Luis has been part of the Mosaic Multicultural Foundation’s Men’s Conferences, youth events, poetry events, men-women summits, and more since 1994 with Mosaic founder and mythologist Michael Meade and other teachers. At these conferences, the complex but vital issues of race, class, gender, as well as personal rage and grief, are addressed with dialogue, ritual, story, poetry, drumming, and dance involving people of all walks of life, including those in urban street gangs. He also created a CD of his poems called “My Name’s Not Rodriguez” for Dos Manos Records with original music by Ernie Perez and the band Seven Rabbit, released in the summer of 2002. And he’s founder in 2009 of Barking Rooster Entertainment, which plans to create new content for films, books, CDs, TV, radio, and the Internet.
On top of this, Luis’ work has been widely anthologized, including in Send My Love and a Molotov Cocktail!: Stories of Crime, Love, and Rebellion (2011 PM Press, Los Angeles); Letters of a Nation: A Collection of Extraordinary American Letters (1997 Broadway Books), The Outlaw Bible of American Poetry (1999 Thunder’s Mouth Press), and Bum Rush the Page: A Def Poetry Jam (2001 Three Rivers Press). He’s also appeared on “The Oprah Winfrey Show,” “Good Morning America,” NBC’s “Nightly News with Brian Williams,” PBS-TV’s Jim Lehrer News Hour, Discovery Channel’s Health Network’s “Life Force,” PBS-TV’s “Making Peace,” National Public Radio’s “Fresh Air,” CNN’s “What Matters,” and Head Line News’ “Leaders with Heart,” among other programs.

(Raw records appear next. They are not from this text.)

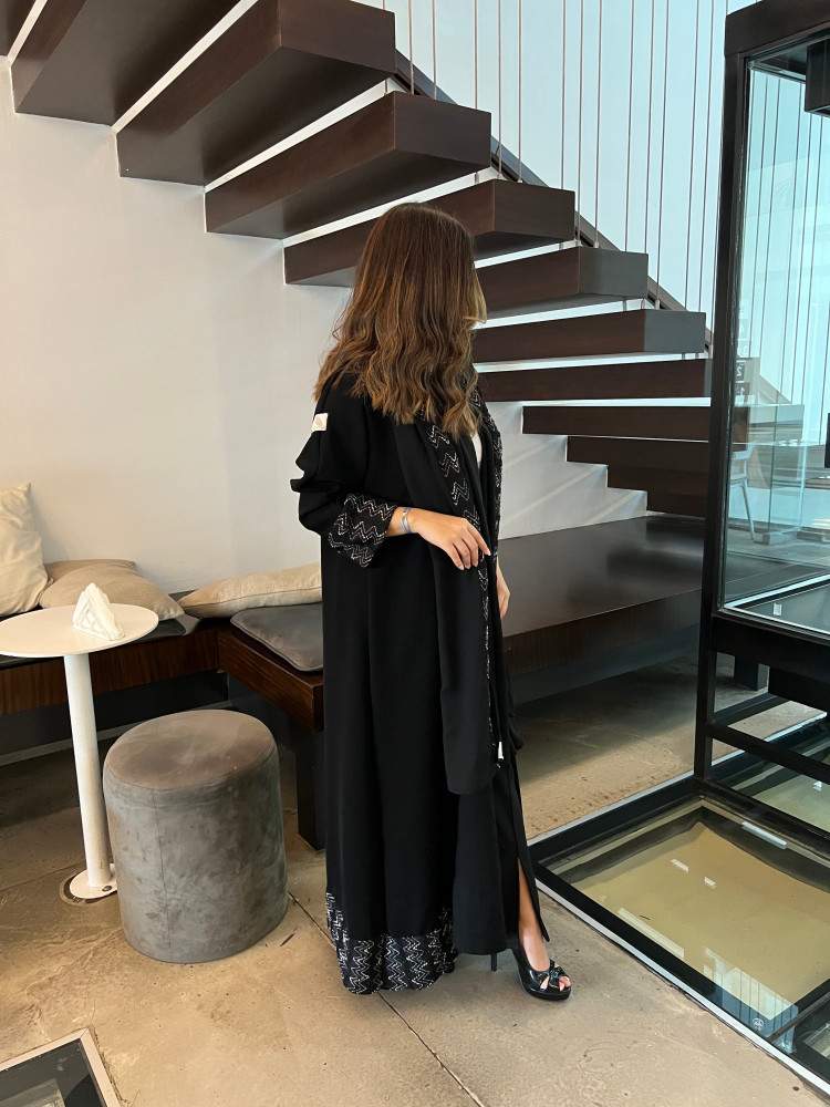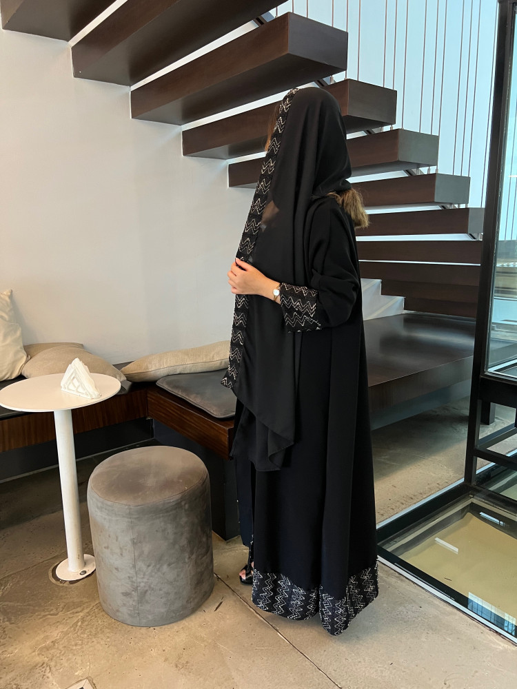 التفاصيل : قماش كريب سيراميك وشانيل ، قصة كلوش، طرحة أسود .
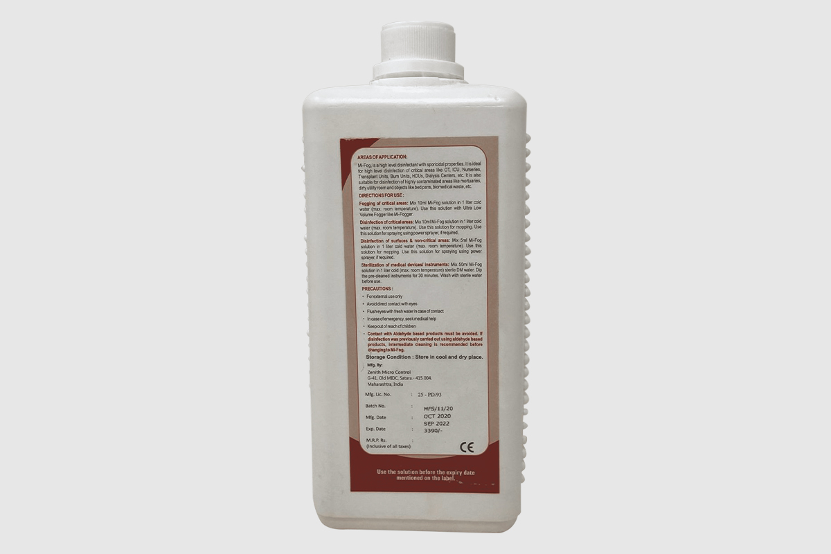For external use only.; Avoid direct contact with eyes.; Flush eyes with fresh water in case of contact.; In case of emergency, seek medical help.; Keep out of reach of children. Contact with Aldehyde based products must be avoided. If disinfection was previously carried out using aldehyde based products, intermediate cleaning is recommended before changing to Mi-Fog.
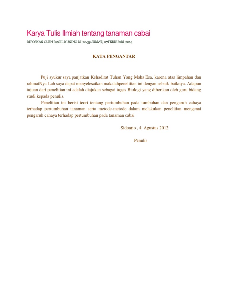 Karena itu metode ilmiah biologi perlu. Laporan karya ilmiah bidang biologi analisa penggolongan daun berdasarkan bentuk tulang daunnya beserta pemaparan secara deskriptif mengenai struktur daun beserta fungsinya. §masukkan ke dalam gelas bening tembus cahaya. Sistematika penulisan laporan penelitian ilmiah. Laporan penelitian adalah tahap akhir proses penelitian dimana peneliti menuliskan dan menyampaikan hasil risetnya dalam bentuk karya ilmiah.
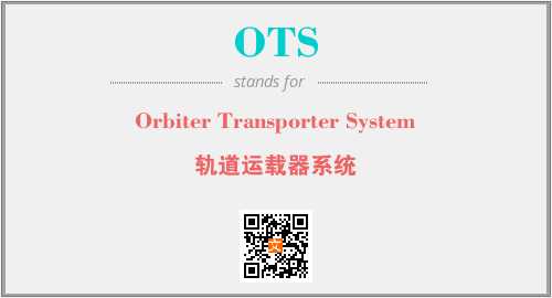 上述内容是“Orbiter Transporter System”作为“OTS”的缩写,解释为“轨道运载器系统”时的信息,以及英文缩略词OTS所代表的英文单词,其对应的中文拼音、详细解释以及在英文中的流行度和相关分类、应用领域及应用示例等。
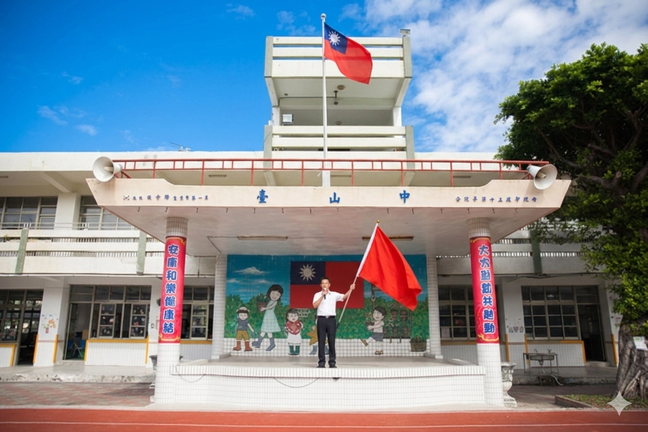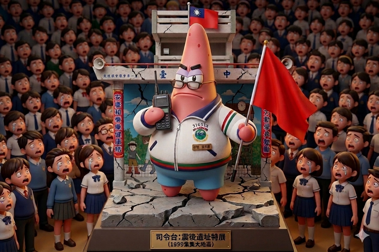 幫我把這張圖片生成成一位立體的派大星,他幻想自己是一位高中的校長,鎮定地站在司令台(就是立體公仔的底
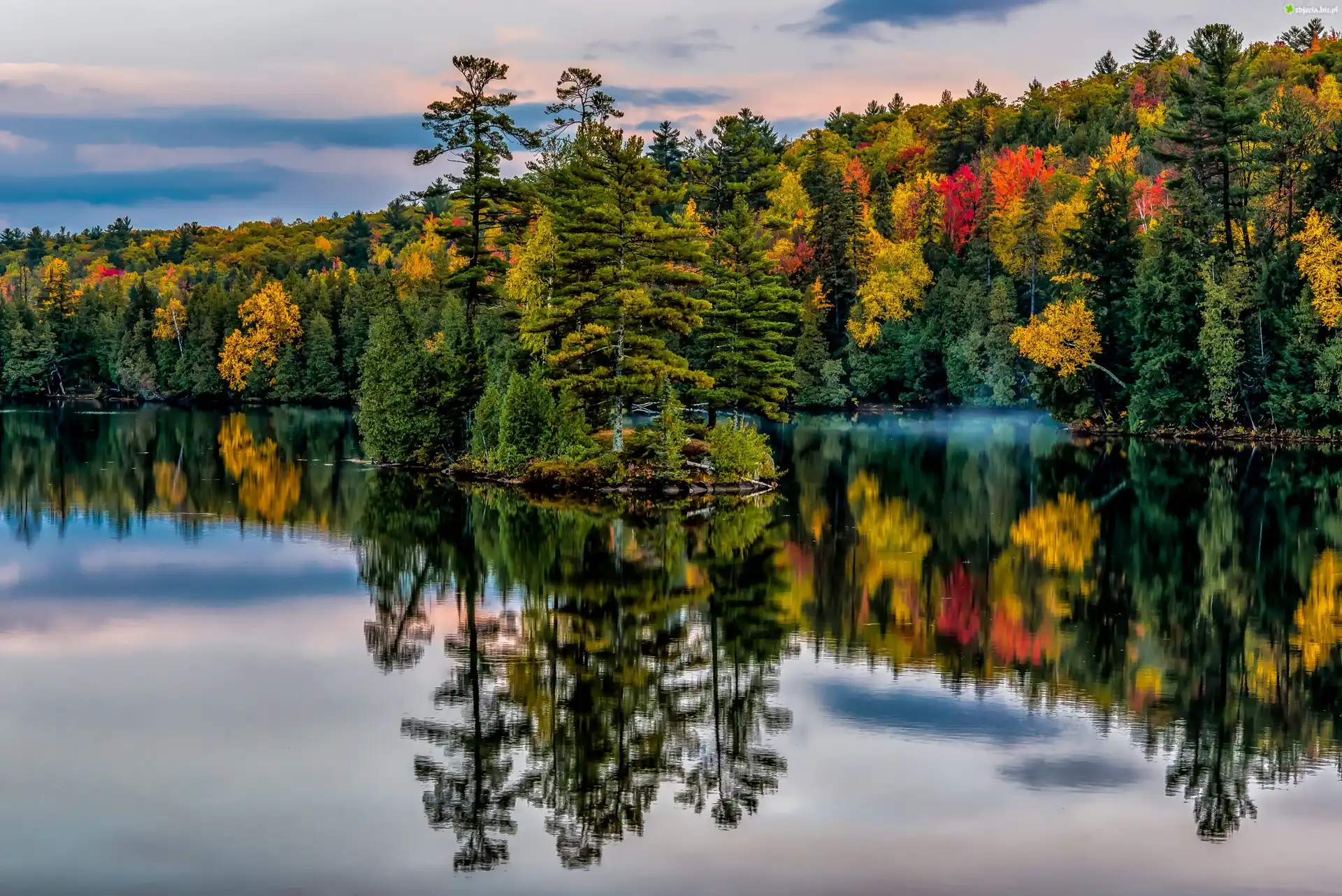Zdjęcie Jezioro, Las, Jesień, Odbicie

Articles on Luis Rodriguez and reviews of his works have appeared in the New York Times, Los Angeles Times, La Opinion (L.A. leading Spanish language publication), Washington Post, Christian Science Monitor, Oakland Tribune, San Francisco Examiner, Associated Press, L.A. Weekly, The Face Magazine, Entertainment Weekly, Kirkus Review, Publishers Weekly, Library Journal, People Magazine (En Espanol), and many more publications, including in Brazil, Mexico, Argentina, Guatemala, Venezuela, Japan, Germany, Italy, and more.
Luis’s poems and articles have appeared in college & high school textbooks throughout the U.S. and Europe. He’s been a daily newspaper writer, a weekly newspaper writer, freelancer, and he’s done radio productions/writing for L.A.’s KPFK-FM, California Public Radio, Chicago’s WMAQ-AM’s All-News radio, and WBEZ-FM. He’s also been a recurring honorary co-host with Dominique DiPrima on KJLH-FM’s “Front Page” talk show in L.A. And his writings have appeared in The Nation, New York Times, Los Angeles Times, Chicago Tribune, U.S. News & World Report, L.A. Weekly, Philadelphia Inquirer Magazine, American Poetry Review, The Bloomsbury Review, San Jose Mercury, Grand Street, Utne Reader, Rock & Rap Confidential, Fox News Latino, National Public Radio’s Latino USA, The Huffington Post, The Progressive, and others.